Browser Fingerprinting: Introducing My First NPM Package

Published: September 8, 2023

This post is to share my debut into the world of NPM packages; a zero dependencies package exporting a swift and synchronous function to compute a browser fingerprint. No user permissions or cookie storage is needed either! Dive into the details on NPM or check out the source code on Github.

Device Fingerprinting

In the age of the internet, accurately identifying visitors is paramount for websites, whether it's to serve personalized content or keep malicious actors at bay. Although cookies have been the traditional heroes, their limitations, like incompatibility with incognito modes and multi-browser usage, led to the invention of device fingerprinting.

Often referred to as machine fingerprint, browser fingerprint, and several other names, a device fingerprint collects specific information about an online device, ensuring its unique identification during future visits. This form of identification remains robust, even when users disable cookies or other tracking tools.

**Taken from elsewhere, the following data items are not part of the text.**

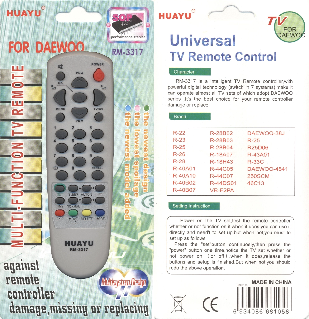 Универсальный пульт Huayu для Daewoo TV RM-515DC
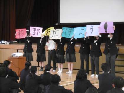 昨日に引き続き、今日も生徒会役員進行による集会が行われました。2・3年生委員長会、保健委員会、校風委員会から、先日の実行委員会で話し合われた内容について、趣向を凝らした発表がありました。今日も住中生の話を聞く態度は大変立派でした。
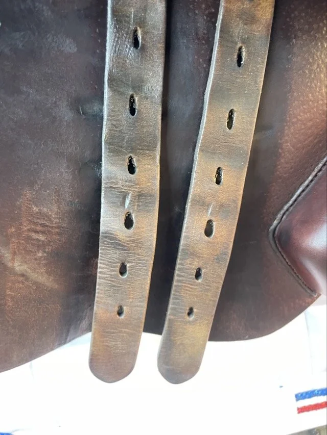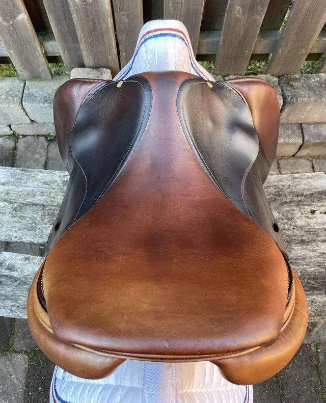 Brun 17 tum hoppsadel med halvdjupt säte och kåpstorlek 4A som passar ryttare runt 165-170 cm. Bomvidden är generös normal.
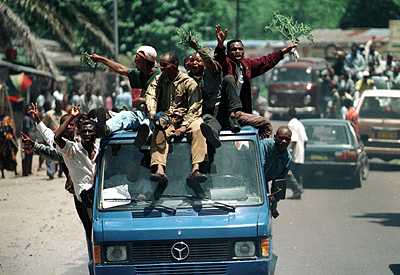 CZ28: Anti-government protestors demonstrate at a rally against Mobutu.
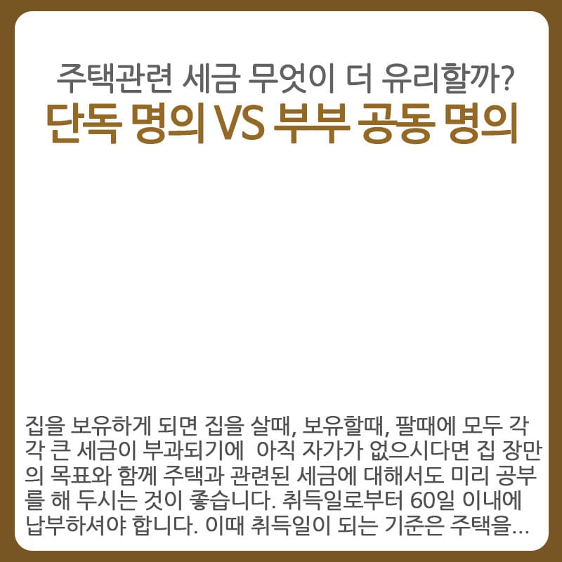 집을 보유하게 되면 집을 살때, 보유할때, 팔때에 모두 각각 큰 세금이 부과되기에 아직 자가가 없으시다면 집 장만의 목표와 함께 주택과 관련된 세금에 대해서도 미리 공부를 해 두시는 것이 좋습니다. 오늘은 주택과 관련된 세금에 대해 알아 보면서 부동산 세금을 아끼려면 단독 명의로 하는 것이 좋을지 아니면 부부 공동 명의로 하는 것이 좋은지에 대해 알아 보겠습니다.
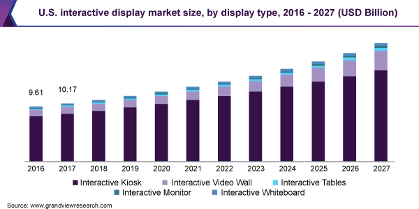 Furthermore, strong growth in the market is attributed to increasing penetration of technologies such as interactive monitor and whiteboard, specifically in North America, which accounted for the largest revenue share in the overall market in 2019. Besides, the entertainment sector is witnessing a paradigm shift in the various approaches of advertisement display. Furthermore, interactive video walls and kiosks are used by companies as a medium of promotion to attract larger crowd.
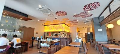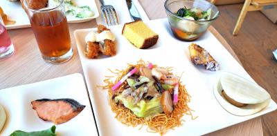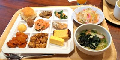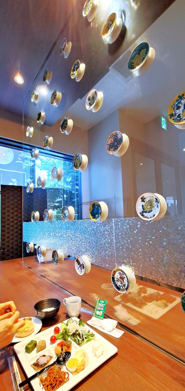 朝食はサラダに金時草ドレッシング、金沢カレー、車麩などもあり、注文すると車麩のフレンチトーストも食べられました。九谷焼がたくさん飾ってあるガラスの仕切りもすてきでした。
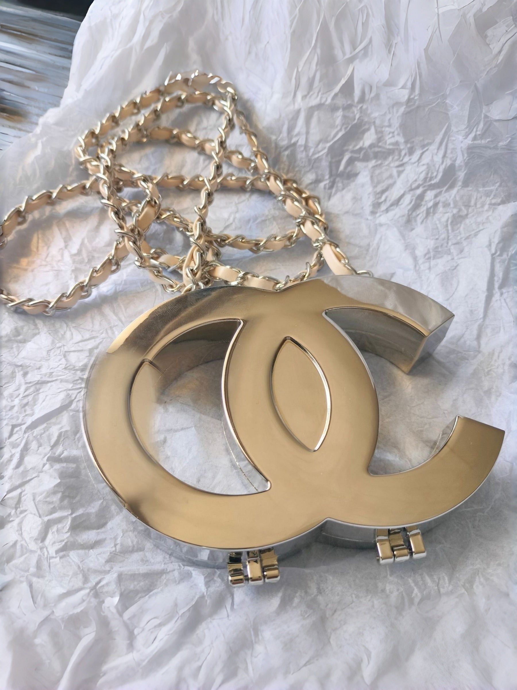Interlocking double-C pendant in polished metallic finish. A statement piece that exudes timeless luxury, crafted with a sturdy chain and secure clasp for comfortable wear. Perfect for elevating evening outfits or adding a chic touch to everyday looks.
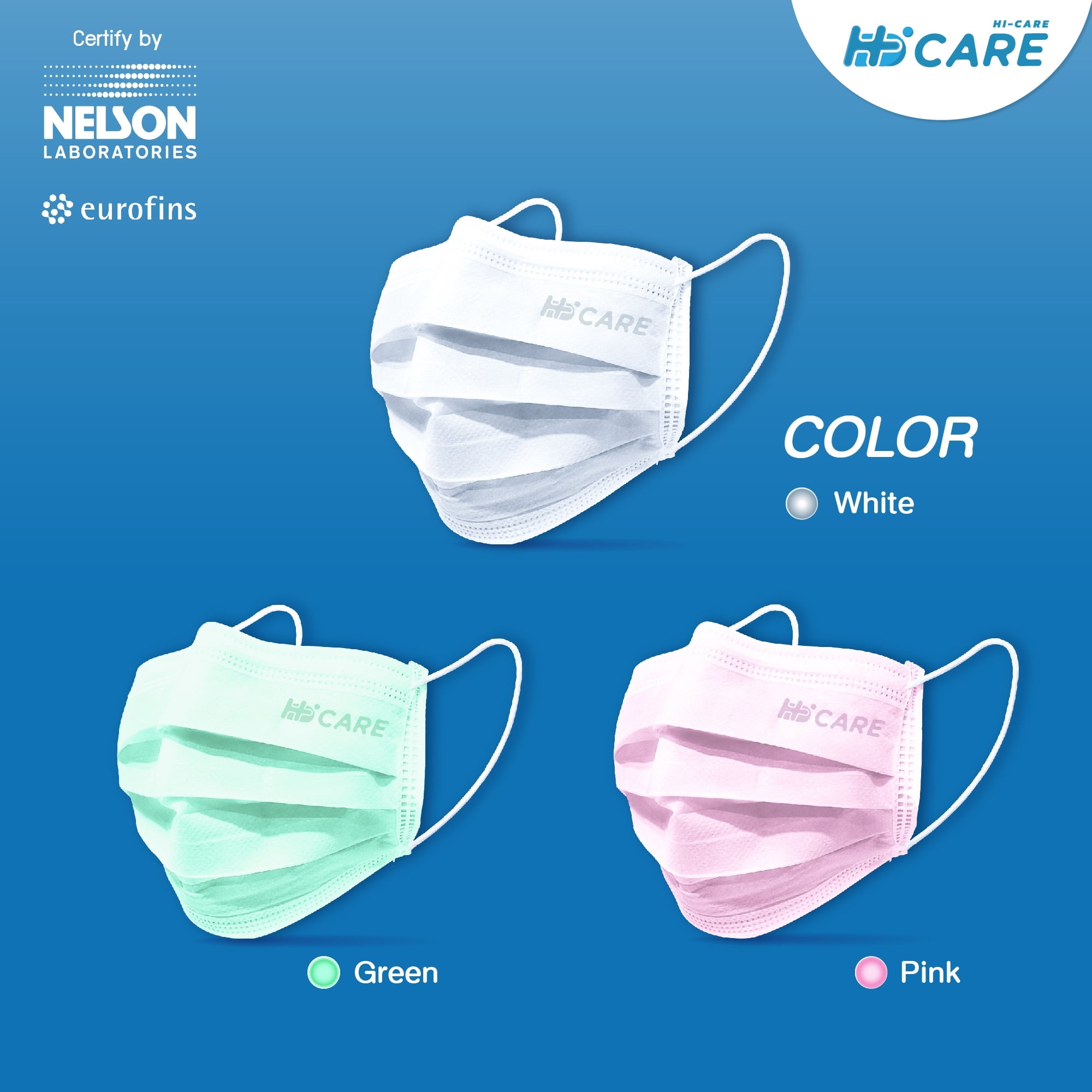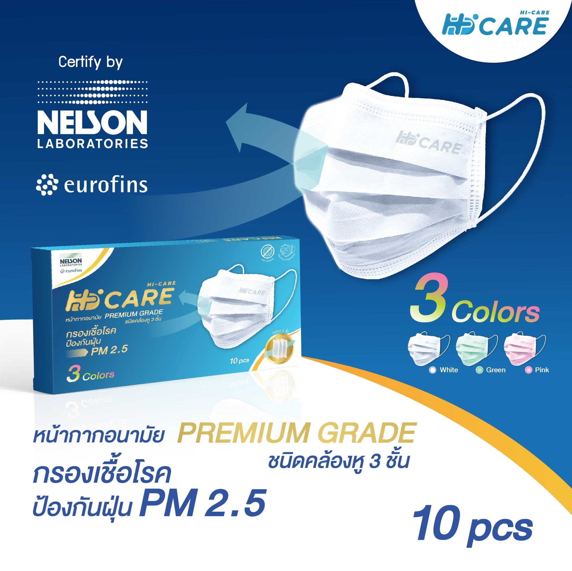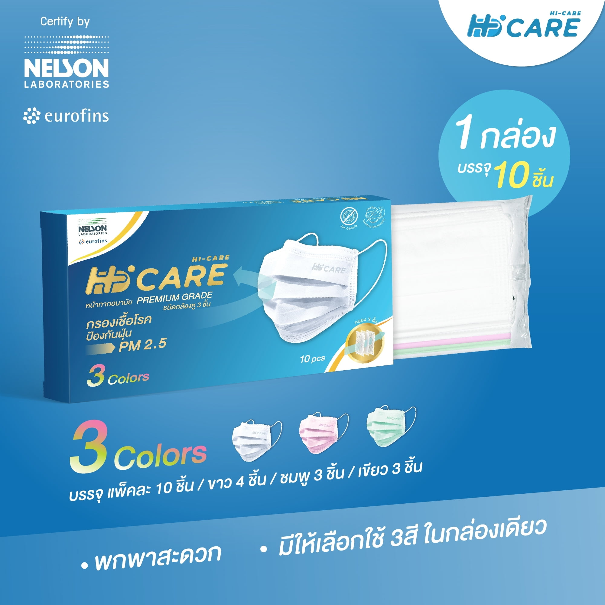 Hi-Care หน้ากากอนามัย 3 Colors (รองรับ PM2.5 กรองเชื้อโรค) แผ่นกรอง 3 ชั้น ชนิดคล้องหู / 10 ชิ้น : บรรจุ3สีในกล่องเดียว:สีขาว4ชิ้น(รุ่นPremium) / สีชมพู3ชิ้น(รุ่นAir) / สีเขียว3ชิ้น(รุ่นAir)

The essence of browser fingerprinting lies in capturing a unique combination of a user’s web browser and device details, creating a distinctive 'digital fingerprint'. For example, while many visitors to a website may have the same model of iPhone, the software and drivers installed, geo-location, languages, browser and OS version, and even minute variances in the hardware could be different. Browser fingerprinting techniques gather one or more of these signals and aim to capture these minor variances between users. Such fingerprints are resilient, remaining consistent across incognito sessions or when users are VPNs.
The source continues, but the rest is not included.